As long as it isn't empty of interesting things, nor filled with useless treasure chests containing "10 rupees!"
Man, I hate those chests. It makes me wonder if when Nintendo tests Zelda games out that they have a completely different approach to rupees than the fans do. I spent most Zelda games hovering around a full wallet. I just don't spend rupees that much. I buy essential items and that is about it. There is usually nothing interesting else to buy. What am I going to buy arrows and bombs? I can get those for free from defeated enemies. It's like Nintendo designs the game under the assumption that everyone is shooting arrows and throwing bombs all over the damn place and needs to constantly purchase refills. So the many chests of rupees in their minds is probably doing the player a big favour. Am I just playing differently than everyone else? Is spending rupees left and right the more common way of playing? The ironic thing is that the original Zelda had the exact opposite problem. Rupees were scarce, items were expensive and each arrow cost a rupee. In that game millions of treasure chests bursting with rupees would have been a blessing.
I wonder if the problem with Zelda's world is that Nintendo just doesn't really care about storyline elements. If you look at something like Lord of the Rings you can tell that Tolkien had this huge world in his head and had all sorts of details mapped out. I'll watch the movie and I'll see this cool statue in the background and it's not some random ass statue, it's a statue taken from the book and it was all planned and it meant something. It makes a simple locale feel so alive and real.
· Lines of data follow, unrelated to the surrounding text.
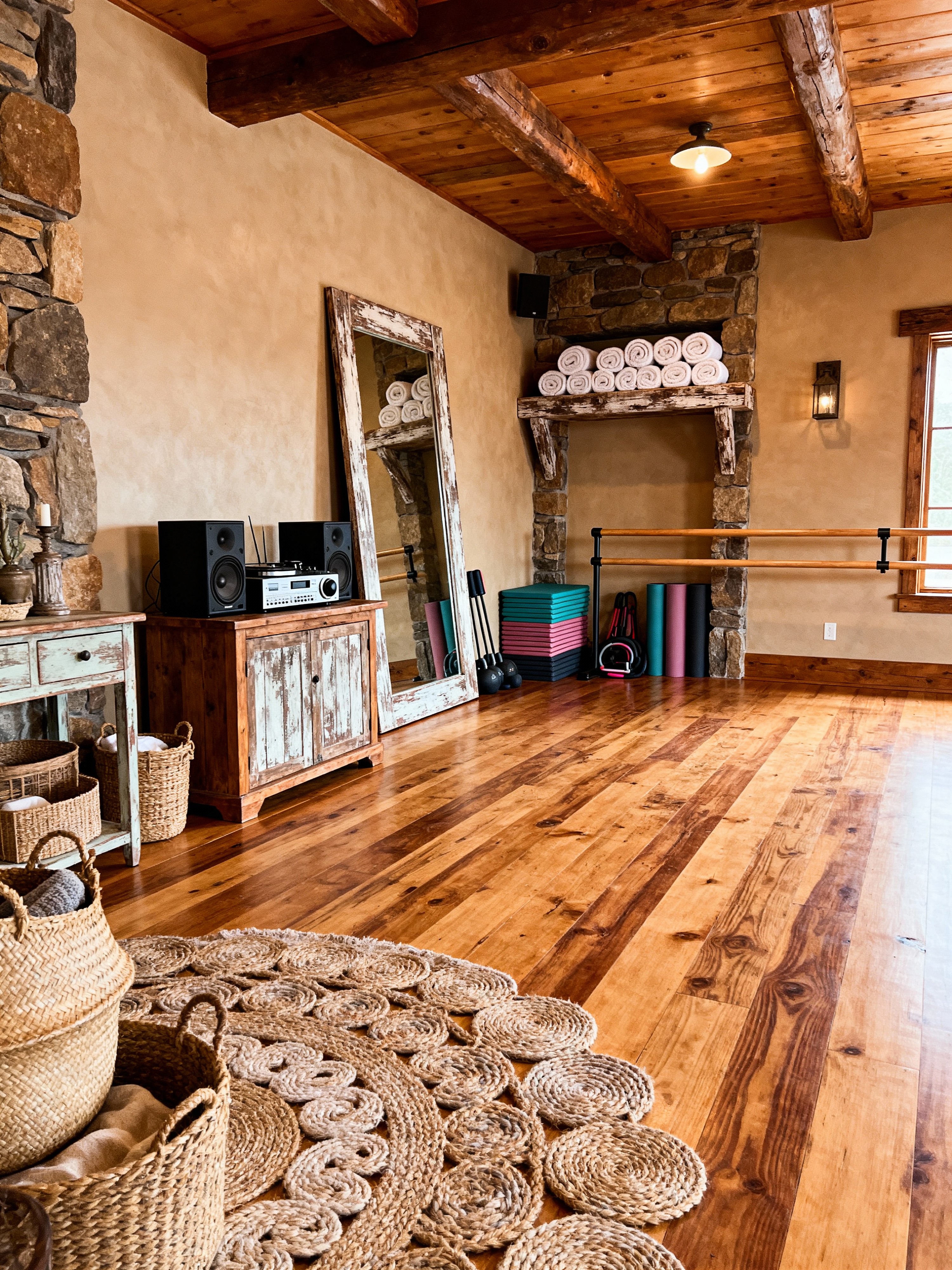dance studio with rustic style with wooden floor and music player and mirrors and exercise equipment and sound system and ballet barre and dance mats and towels. . with vintage decor and warmth and country style and cozy cabin and exposed beams and stone accents and distressed finishes and woven textures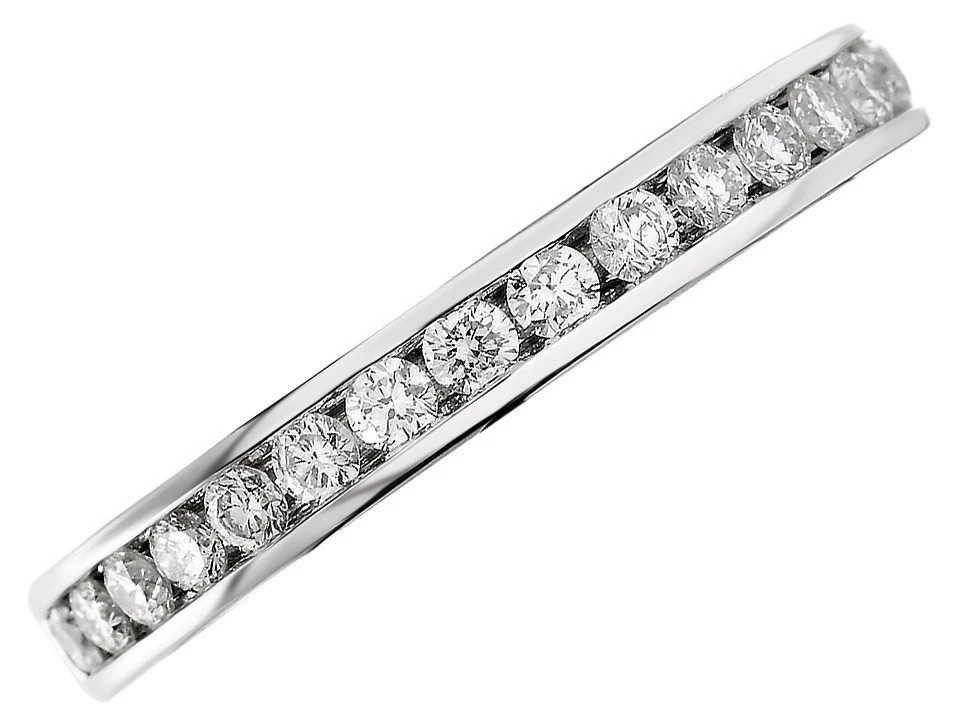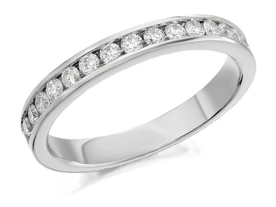 This 3mm wide, white gold band features twenty diamonds (1/2ct total diamond weight), each channel set around more than half the ring, with diamonds that has been independently certificated by the AGI (Antwerp Gemmological Institute) as a minimum of H/SI2. This is an unmissable opportunity to own a special ring that will be loved and worn for a lifetime. Selected sizes only.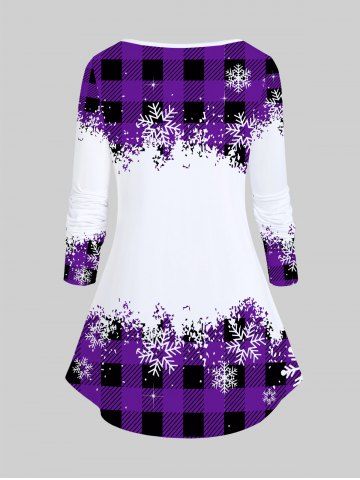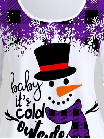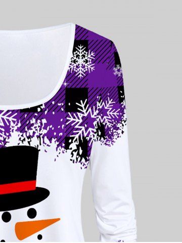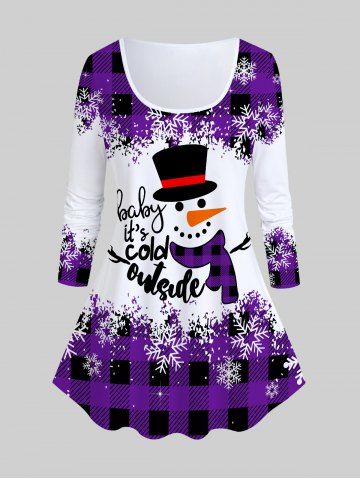 Tops > Camiseta Navidadeña a Cuadros Estampado Muñeco de Nieve Tamaño Plus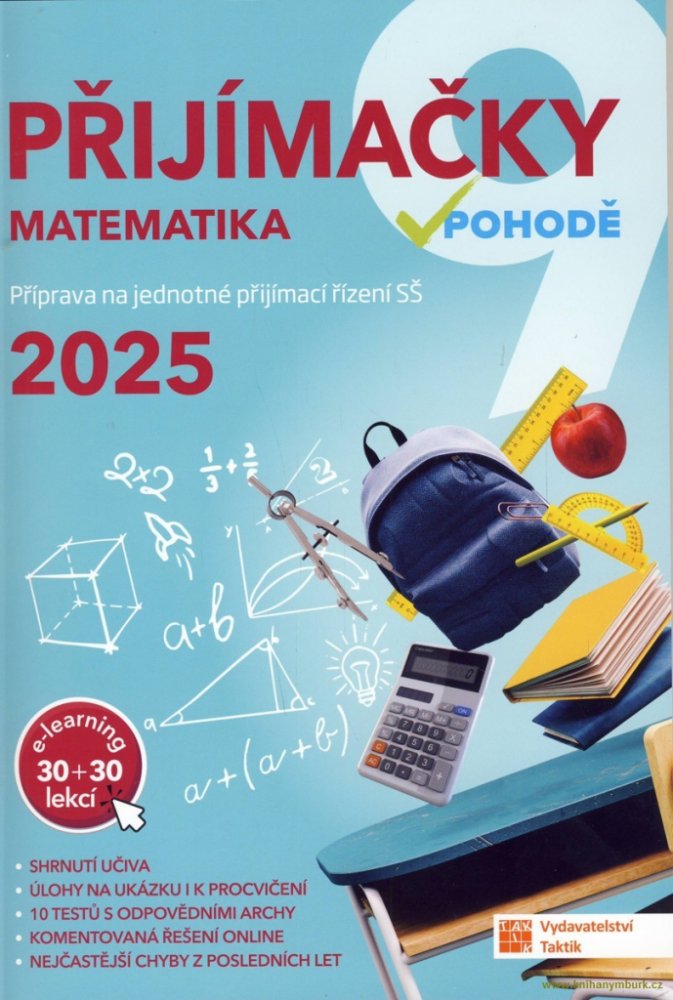 Cvičebnice Přijímačky v pohodě 9 - matematika obsahuje materiály pro komplexní přípravu na Jednotou přijímací zkoušku na střední školy se studiem ukončeným maturitní zkouškou. Příručka obsahuje 7 testovacích okruhů. Každý okruh se skládá ze shrnutí učiva, dvojic řešených a neřešených úloh. Následují vypracované úlohy, ve kterých se v minulých letech nejvíce chybovalo s radami, jak se chybám vyhnou...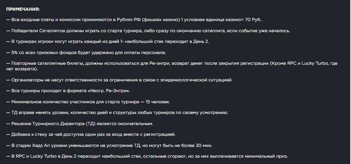 Кроме того, вы можете принимать участие в сателлитах к турнирным долларам (T$), которые потом можно потратить для входа в любой турнир серии. Подробное объяснение этой системы можно найти здесь.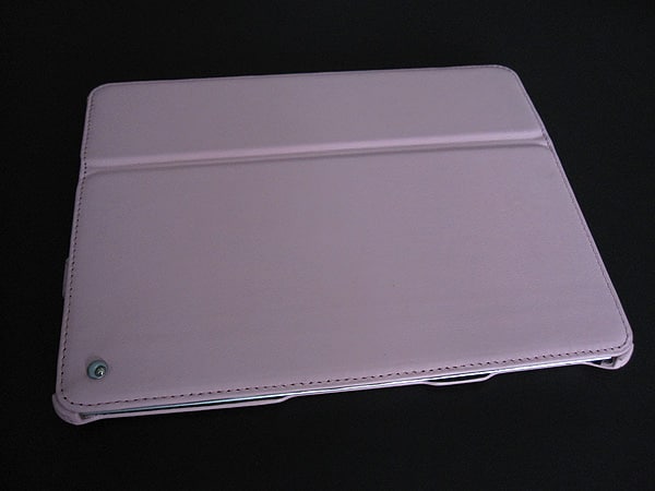To hold the whole thing shut, a tab folds over from the back. Round magnets with smaller concentric circles attach to one another. Unless you’re specifically trying to line them up correctly, it’s pretty difficult, unlike Apple’s auto-aligning magnets on the iPad Smart Cover. It’s also surprising that Noreve didn’t integrate any sort of stand functionality into this design.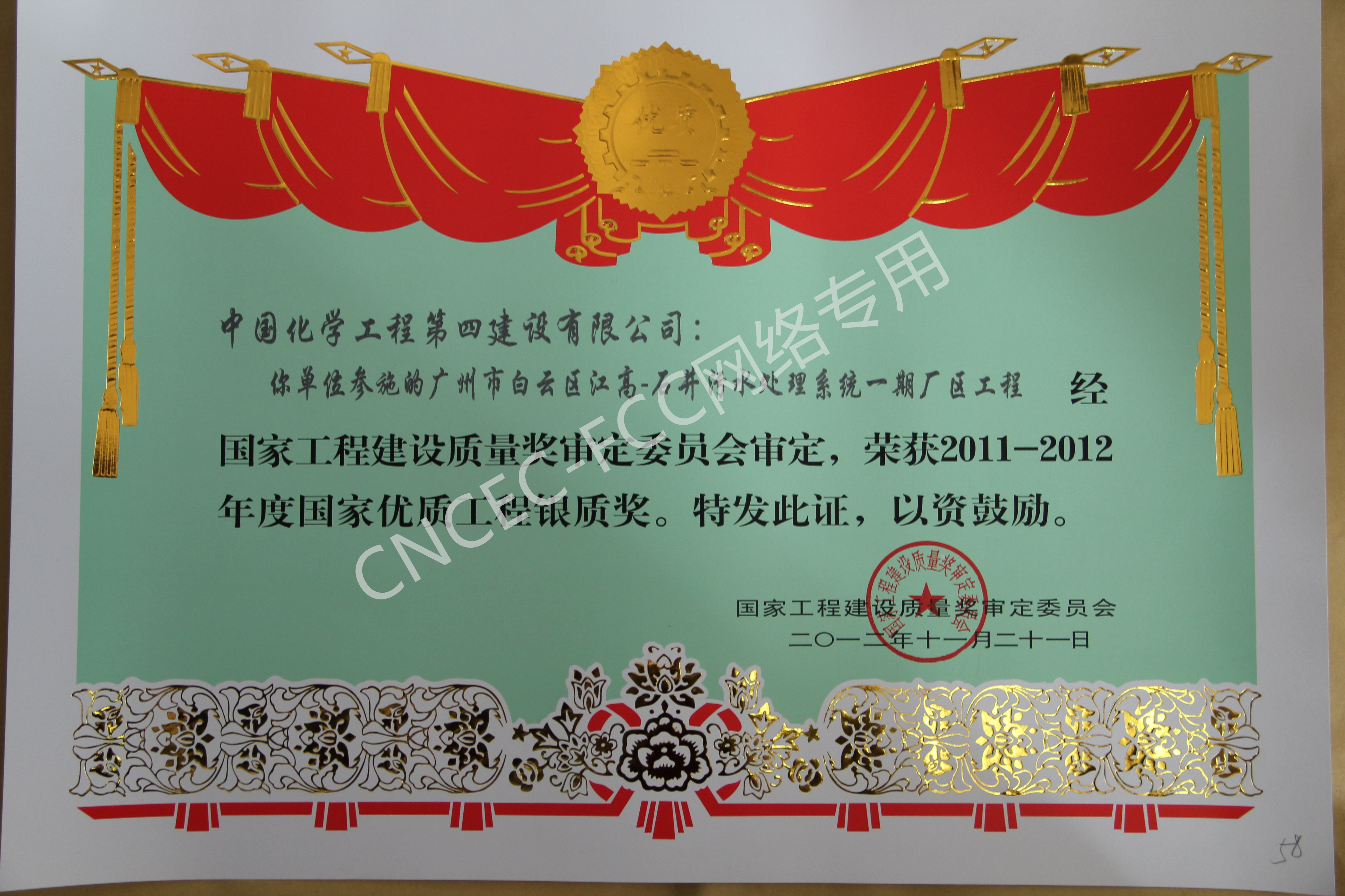 廣州市白云區(qū)江高-石井污水處理系統(tǒng)一期廠區(qū)工程國家優(yōu)質(zhì)工程銀質(zhì)獎(jiǎng)
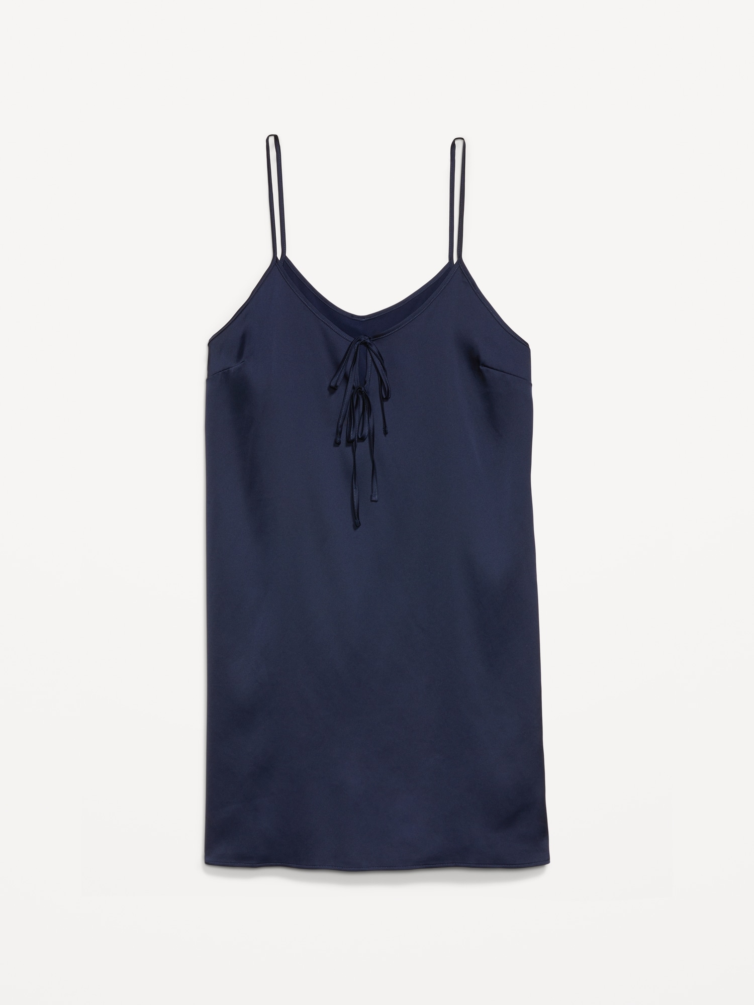 Tie-Front Satin Nightgown: tie-front scoop neck, spaghetti straps, keyhole opening at center front, darted bust, #766746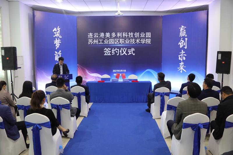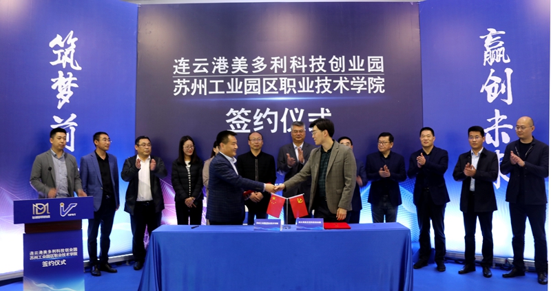 5月11日,投资公司美多利科创园与苏州工业园区职业技术学校“产教融合”项目签约仪式在“海客”众创空间隆重举办。开发区教育工委委员、社会事业局教育处处长刘益国等领导,苏州工业园区职业技术学院继续教育学院院长魏刚等校方代表,投资公司全体领导班子,美多利公司全体领导班子参加了签约仪式。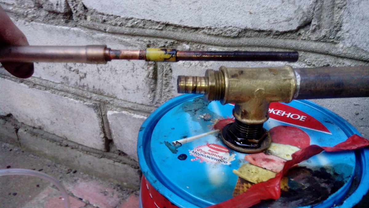 Итак, берем банку и внизу просверливаем отверстие ф8мм. Через это отверстие будет производится поджиг щепы и подсос воздуха. В крышке тоже делаем отверстие подходящим диаметром под хрень (#12) и плотно фиксируем ее на крышке. Далее на хрень накручиваем тройник мама-мама-мама и в один его конец вкручиваем штуцер, а во второй - сгон. В штуцер вставляется медная трубка на глубину так, что бы её конец оказался на уровне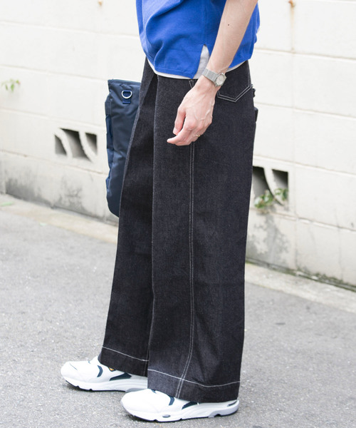 80'sのDCブランドの一本のような、革新的で絶妙なモード感を纏ったワイドデニムパンツ。 センタークリースの入ったスタイリッシュなディテールに、あえて配色のステッチを施しています。ストッと落ちる極太ストレートは、ボリュームのないローテク・スニーカーで合わせるのが正解。 ※この商品は、インディゴ染めを施しています。 着用中の摩擦や汗により、色落ちや色移りする可能性がありますので、ご注意ください。 また、日光や照明などに長時間当たると変退色することがありますので、ご注意ください。 ※その他お取り扱いに関しましては、商品に付属のアテンションタグをご確認の上、充分ご注意ください。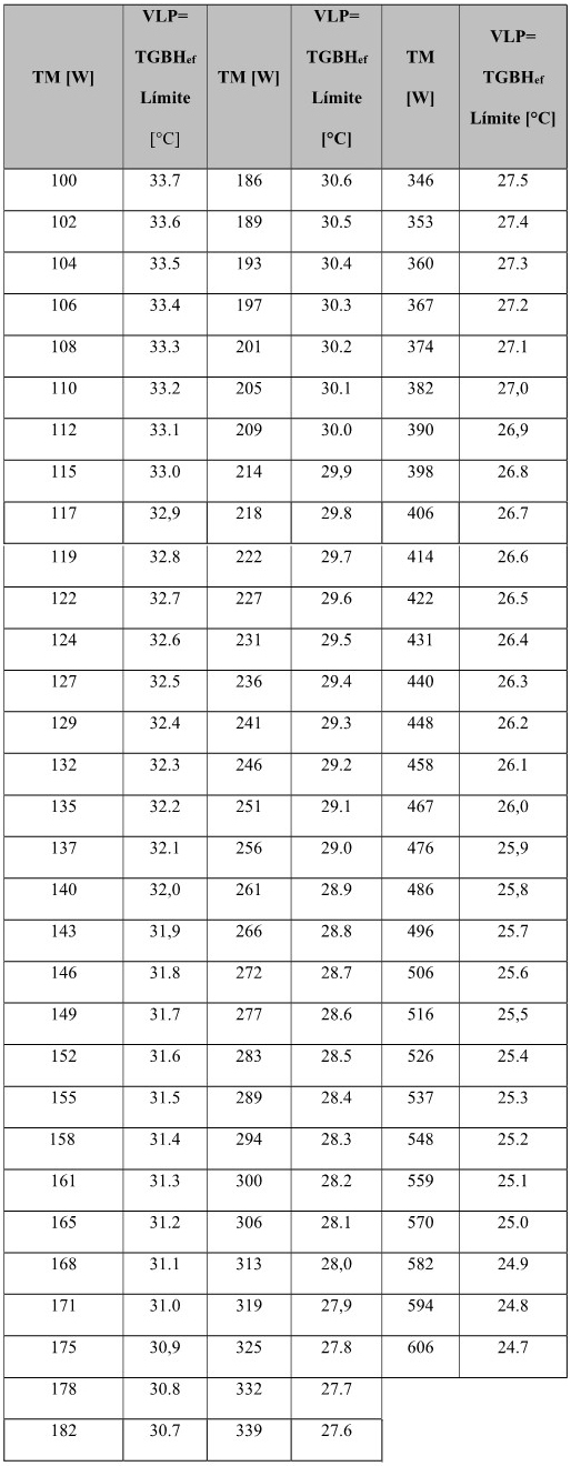 A: TGBH límite en zona de descanso. Se considera un valor de 33.7 para una TM ≤ 100W (Si la TM es superior se deberá recurrir a la Tabla 8, ingresando por la columna de TM se obtiene el TGBH límite para dicha TM).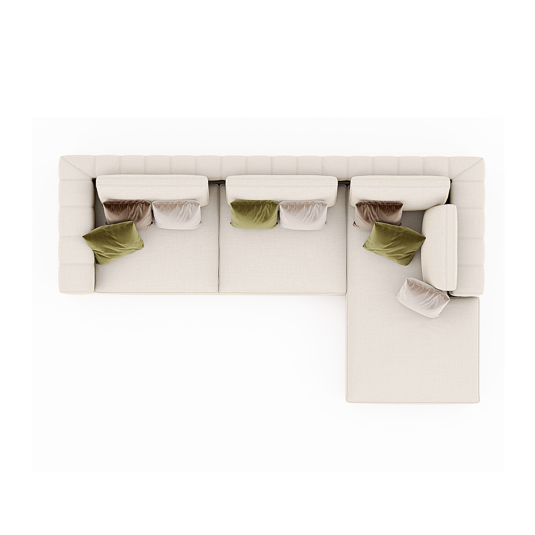 Tailor made L-shape sofa with cushions with removable covers. Sofa is fully upholstered in Fibreguard Proposition 16-Antique fabric and the cushions are upholstered in 13-Sensous, 13-Fern, 17- Earth and 33-Veluxe Tiramisu. Cushions are not included in price.

Miyamoto has all this gameplay is his head and then pulls all the storyline details out of his butt at the last minute. So if you want to see underground ruins of an ancient civilization? Well there is no ancient civilization in Miyamoto's head so either it doesn't go in or he decides to put something there but it's just made up with no real details behind it. When someone has a whole world planned in their head, they don't hodge podge some area together. They know the details and it is more like they are just relaying existing information. They care so the results are better. Nintendo as a whole doesn't really care about stories so Miyamoto is going to be thinking more in terms of water level, forest level, fire level. He's going to think in a technical videogame kind of way. Nintendo is not creating a world, they're creating a level for the player to play in.
I don't think this approach is necessarily wrong (it probably allows for better level design) but I think it benefitted more from inferior hardware. On the NES just that fact that it's one big world is mindblowing at the time. Ocarina of Time was such an ambitious game at the time that it didn't matter that the world was a big empty field and a bunch of glorified rooms hanging off it. I'm riding a horse! I'm travelling through time! I'm playing the individual notes of these songs! There was enough "wow" factor to keep us distracted.
Twilight Princess comes along and we're not so impressed by these things. There are less technical limitations now. Now I notice that the world is just an empty hub with rooms branching of it and that it isn't that big and there isn't much to it. Prior to the Gamecube the graphics were weak enough that you could just shove a statue in some place and it looked great because, holy ****, there's a statue. Any window dressing was exceptional. But now that it is not so exceptional that random statue looks like a random statue. It feels stiff and forced.
Hell, I noticed this with a lot of Nintendo's games from the Cube onward. It's like once the graphics were such that things could look like they should, Nintendo's characters and worlds felt a lot more generic to me. Sometimes the games seemed more empty and lacked extra details, like Nintendo only did the bare minimum. It may have been that before there was no room to work with so it took less effort to make things stand out. It's easier to fill a bedroom than it is a gymnasium. One huge exception was Metroid Prime which was just brimming with details and backstory and that game just filled with me with awe. I can't say what the thought process was in designing that game but it sure as hell felt like every detail was meticulously planned. With Zelda lately it's been more like "uh, well I guess we'll put a lake here".